Task statement:
Please retype the records below exactly as they appear, but leave out the pictures.

Items from a data source:
::::::::::

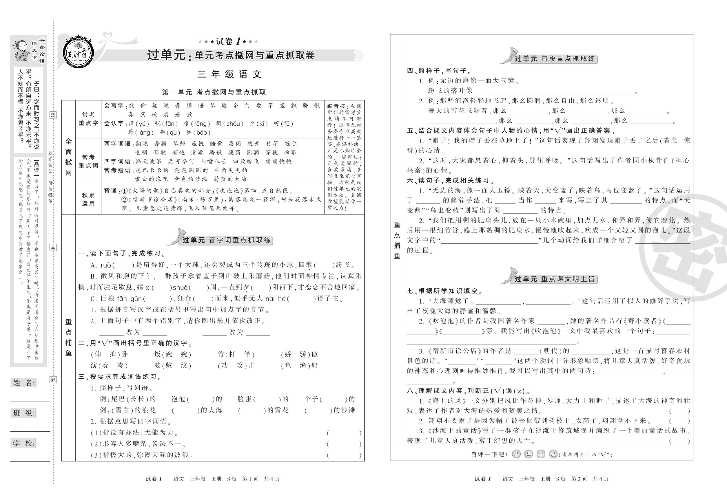 王朝霞期末专项卷三年级上册语文(S版)_R210801101627【1】
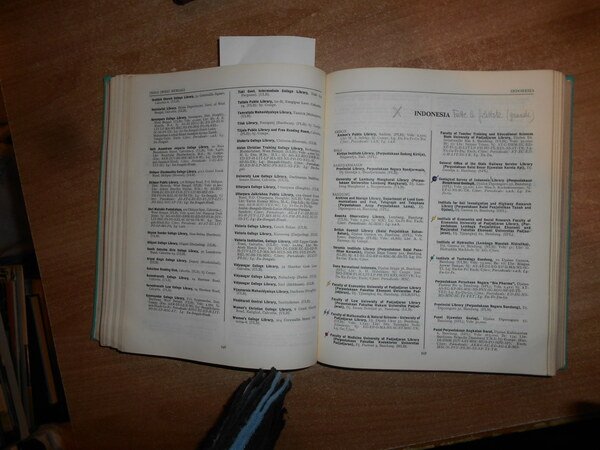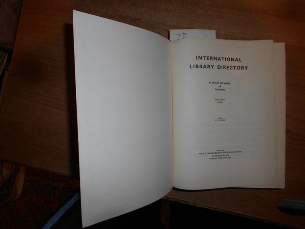 Editor: A.P. WALES. Publishers: London, The A.P. WALES, 1968. International Library Directory. Third Edition 1969/70. In-8°, tela edit. con titoli in oro. 1222 pp. Ottimo esemplare ma con alcune note a matita e numerosi tondini colorati a margine. Testo in inglese. Uff. C - II - 4
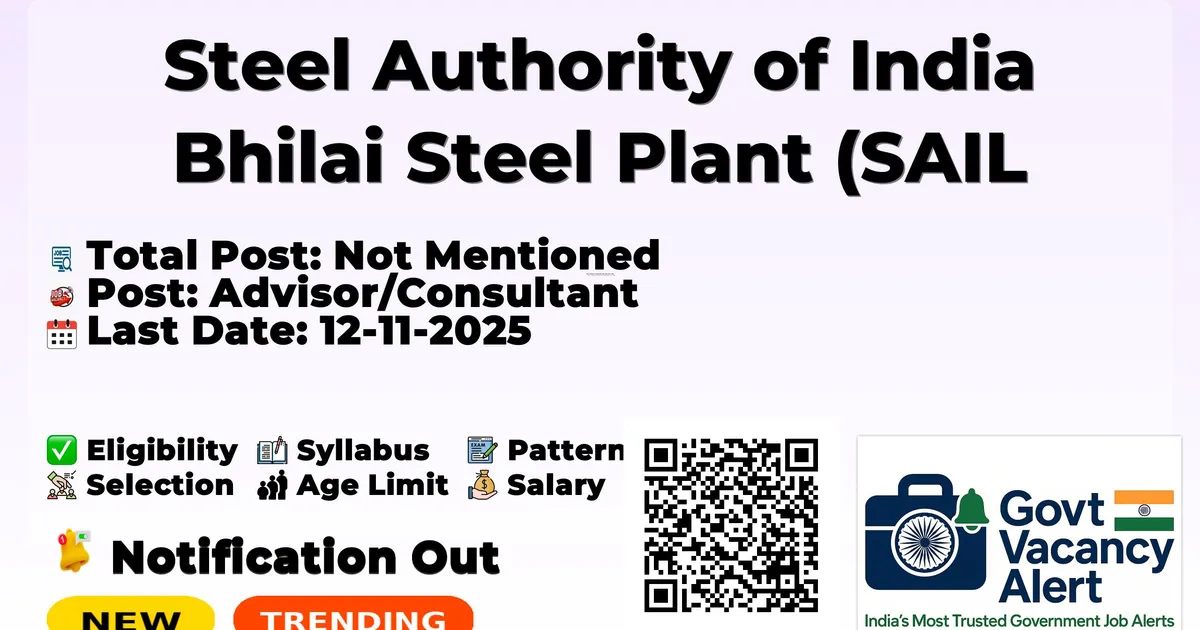 Company Name Steel Authority of India Bhilai Steel Plant (SAIL BSP) Post Name Advisor/Consultant No of Posts Not Mentioned Salary Rs 50,000 to 70,000 Age Limit 65 years Last Date for Apply 12-11-2025 Official Website sail.co.in
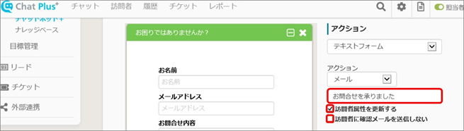 チケット:フォームに入力した内容で、チケットが作成されます。
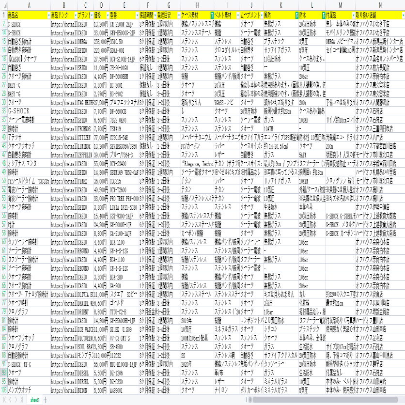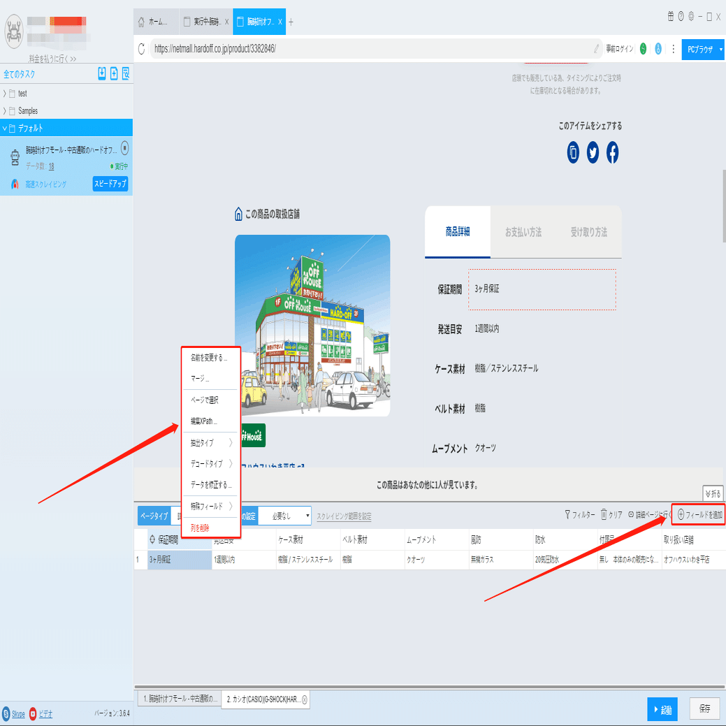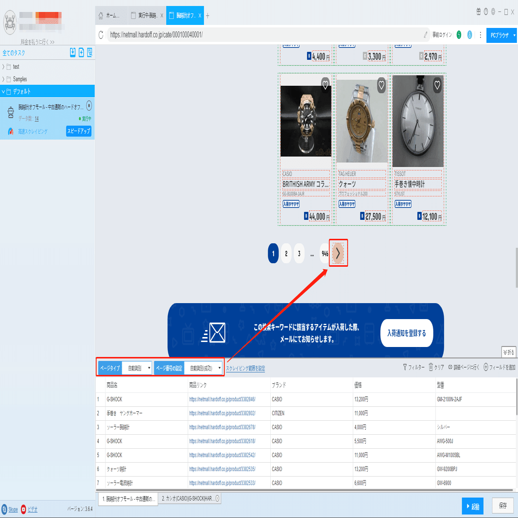 保証期間、防水、風防、素材などの詳細情報は詳細ページに付いていますから、ソフトウェアの「詳細ページに行く」機能を利用して、データを抽出します。
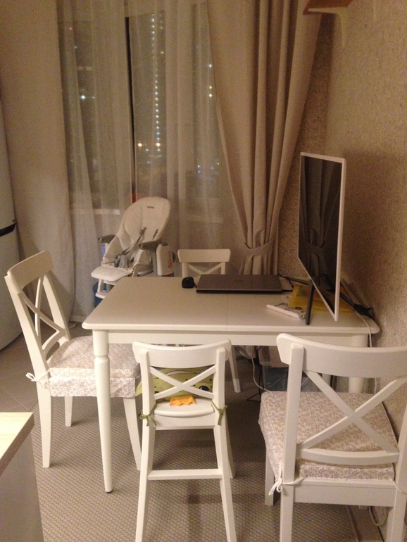 У нас кухня 9,6кв, нас тоже пятеро. Мелкая в татамии, старшая и средний на детских икеевских стульях, мы на двух обычных икеевских. Стол мы брали не в икеа, из-за размера. У нас меньше: Все входим.
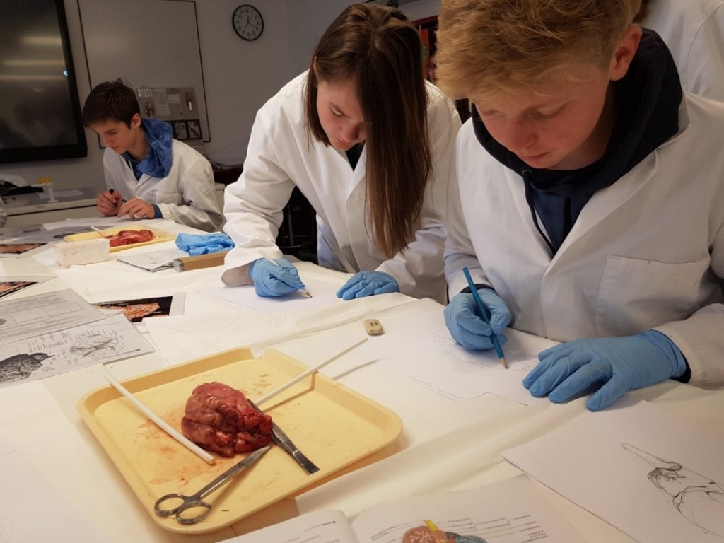 ‘We kregen per viertal een stel rauwe, bloederige kalfshersenen opgediend. In eerste instantie voelde het heel onbekend, maar naarmate we er beter naar keken, kwamen we steeds meer hersendelen tegen waar we al eerder over hadden geleerd.’
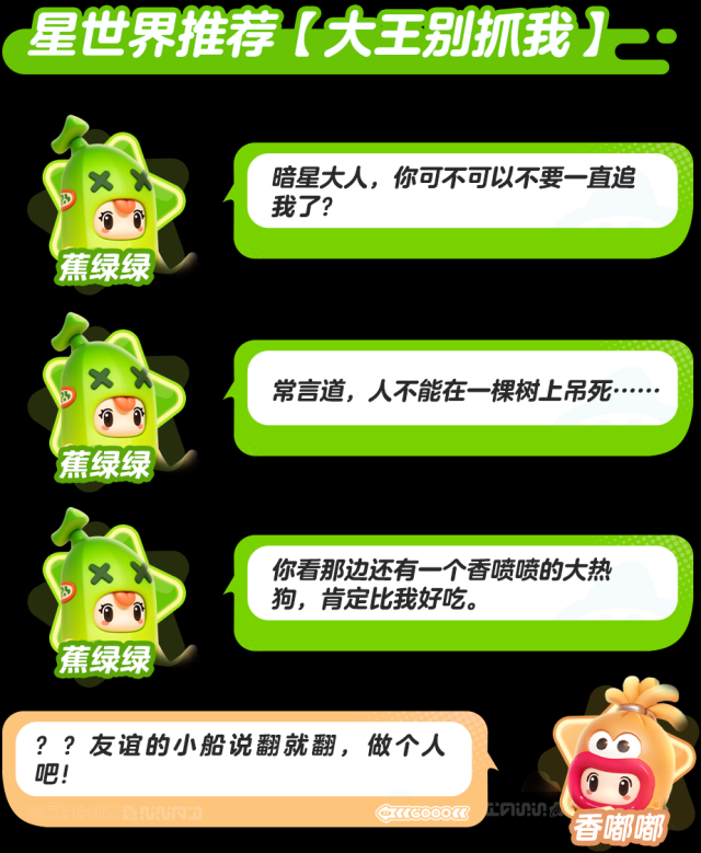 蕉綠綠和香嘟嘟時(shí)裝很適合和星搭子一起穿一起穿新衣,一起玩游戲~星妹聽(tīng)說(shuō)新時(shí)裝和以下玩法更搭?場(chǎng)景一
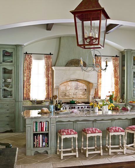 Một không gian giống như trong các câu chuyện cổ tích. Những màu xanh khá cổ điển trong thiết kế của căn bếp này.
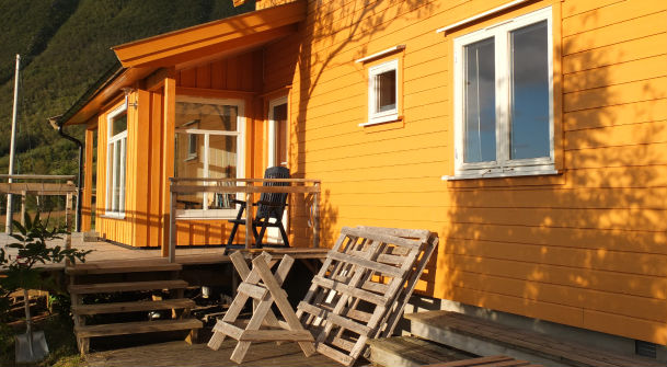 Das alte, kleine, fast quadratische, zweigeschossige Holzhaus, eine so genannte Hütte, wie sie jeder Nordnorweger hat, ist im Erdgeschoss um ungefähr die gleiche Grundfläche erweitert worden. Die Erweiterung bietet der größer gewordenen Familie mehr und besser nutzbare Wohnfläche.
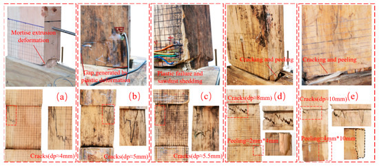 Failure mode of Tenon. (a) Deformation and fracture of specimen SJ-1; (b) Deformation and fracture of specimen SJ-2; (c) Deformation and detachment of tenon joint of specimen SJ-3; (d) Cracking and detachment of the tenon joint of specimen SJ-4; (e) Cracking and detachment of the tenon joint of specimen SJ-5.

::::::::::

Response to the exercise:
 王朝霞期末专项卷三年级上册语文(S版)_R210801101627【1】
 Editor: A.P. WALES. Publishers: London, The A.P. WALES, 1968. International Library Directory. Third Edition 1969/70. In-8°, tela edit. con titoli in oro. 1222 pp. Ottimo esemplare ma con alcune note a matita e numerosi tondini colorati a margine. Testo in inglese. Uff. C - II - 4
 Company Name Steel Authority of India Bhilai Steel Plant (SAIL BSP) Post Name Advisor/Consultant No of Posts Not Mentioned Salary Rs 50,000 to 70,000 Age Limit 65 years Last Date for Apply 12-11-2025 Official Website sail.co.in
 チケット:フォームに入力した内容で、チケットが作成されます。
 保証期間、防水、風防、素材などの詳細情報は詳細ページに付いていますから、ソフトウェアの「詳細ページに行く」機能を利用して、データを抽出します。
 У нас кухня 9,6кв, нас тоже пятеро. Мелкая в татамии, старшая и средний на детских икеевских стульях, мы на двух обычных икеевских. Стол мы брали не в икеа, из-за размера. У нас меньше: Все входим.
 ‘We kregen per viertal een stel rauwe, bloederige kalfshersenen opgediend. In eerste instantie voelde het heel onbekend, maar naarmate we er beter naar keken, kwamen we steeds meer hersendelen tegen waar we al eerder over hadden geleerd.’
 蕉綠綠和香嘟嘟時(shí)裝很適合和星搭子一起穿一起穿新衣,一起玩游戲~星妹聽(tīng)說(shuō)新時(shí)裝和以下玩法更搭?場(chǎng)景一
 Một không gian giống như trong các câu chuyện cổ tích. Những màu xanh khá cổ điển trong thiết kế của căn bếp này.
 Das alte, kleine, fast quadratische, zweigeschossige Holzhaus, eine so genannte Hütte, wie sie jeder Nordnorweger hat, ist im Erdgeschoss um ungefähr die gleiche Grundfläche erweitert worden. Die Erweiterung bietet der größer gewordenen Familie mehr und besser nutzbare Wohnfläche.
 Failure mode of Tenon. (a) Deformation and fracture of specimen SJ-1; (b) Deformation and fracture of specimen SJ-2; (c) Deformation and detachment of tenon joint of specimen SJ-3; (d) Cracking and detachment of the tenon joint of specimen SJ-4; (e) Cracking and detachment of the tenon joint of specimen SJ-5.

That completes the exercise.